Cassandra sstableupgrade function

hi all,

I guess this is a good common function that will help a lot of engineers who will work on cassandra upgrade. Personally, I coded a sstableupgrade function which I think it is neat and stable. So, I would like to share it to all.

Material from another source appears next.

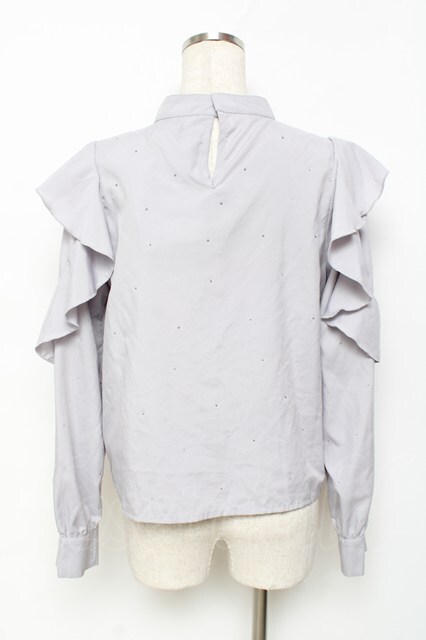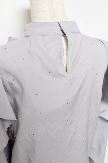 evelyn / ラインストーンリボンブラウス グレー Y-25-11-22-094-LO-BL-SZ-ZY

I have used it for my cassandra upgrade from version 1.2.8 to 2.0.14.



function sstable_upgrade()
{
        echo_header "SSTABLE UPGRADE"
        MYSNAPSHOT_NAME=""
        if [ ! -z "$1" ]
        then
                MYSNAPSHOT_NAME="$1"
        fi
        SSTABLEUPGRADE_BIN="/opt/cassandra-2.0.14/bin/sstableupgrade"
        sudo sed -i 's|256M|2G|g' $SSTABLEUPGRADE_BIN

        echo_info "Harvesting keyspaces and column family to $CASSANDRA_BACKUP/backup_keyspace.out"
        if sudo find /data/ -name "*-ic*Data.db" | grep -v snapshot* | awk -F"/" '{print $4" "$5}' | sort -u > $CASSANDRA_BACKUP/backup_keyspace.out
        then
                while read line
                do
                        echo_info "SSTABLE upgrade: $SSTABLEUPGRADE_BIN $line $SNAPSHOT_NAME"
                        sudo -tt -u $CASS_USER /bin/bash -c "$SSTABLEUPGRADE_BIN $line $MYSNAPSHOT_NAME"
                        sleep 5
                done < $CASSANDRA_BACKUP/backup_keyspace.out
                

        else
                echo_warn "Fail harvesting keyspaces and column families"
                exit 1
        fi
}

Here will be output

> INFO: SSTABLE upgrade: /opt/cassandra-2.0.14/bin/sstableupgrade system schema_keyspaces
Found 2 sstables that need upgrading.
Upgrading SSTableReader(path='/data/data02/system/schema_keyspaces/system-schema_keyspaces-ic-214-Data.db')
Upgrade of SSTableReader(path='/data/data02/system/schema_keyspaces/system-schema_keyspaces-ic-214-Data.db') complete.
Upgrading SSTableReader(path='/data/data02/system/schema_keyspaces/system-schema_keyspaces-ic-213-Data.db')
Upgrade of SSTableReader(path='/data/data02/system/schema_keyspaces/system-schema_keyspaces-ic-213-Data.db') complete.
  > INFO: SSTABLE upgrade: /opt/cassandra-2.0.14/bin/sstableupgrade system_traces events
Found 2 sstables that need upgrading.
Upgrading SSTableReader(path='/data/data03/system_traces/events/system_traces-events-ic-1-Data.db')
Upgrade of SSTableReader(path='/data/data03/system_traces/events/system_traces-events-ic-1-Data.db') complete.
Upgrading SSTableReader(path='/data/data02/system_traces/events/system_traces-events-ic-2-Data.db')
Upgrade of SSTableReader(path='/data/data02/system_traces/events/system_traces-events-ic-2-Data.db') complete.
  > INFO: SSTABLE upgrade: /opt/cassandra-2.0.14/bin/sstableupgrade system_traces sessions
Found 2 sstables that need upgrading.
Upgrading SSTableReader(path='/data/data03/system_traces/sessions/system_traces-sessions-ic-1-Data.db')
Upgrade of SSTableReader(path='/data/data03/system_traces/sessions/system_traces-sessions-ic-1-Data.db') complete.
Upgrading SSTableReader(path='/data/data03/system_traces/sessions/system_traces-sessions-ic-2-Data.db')
Upgrade of SSTableReader(path='/data/data03/system_traces/sessions/system_traces-sessions-ic-2-Data.db') complete.
  > INFO: Done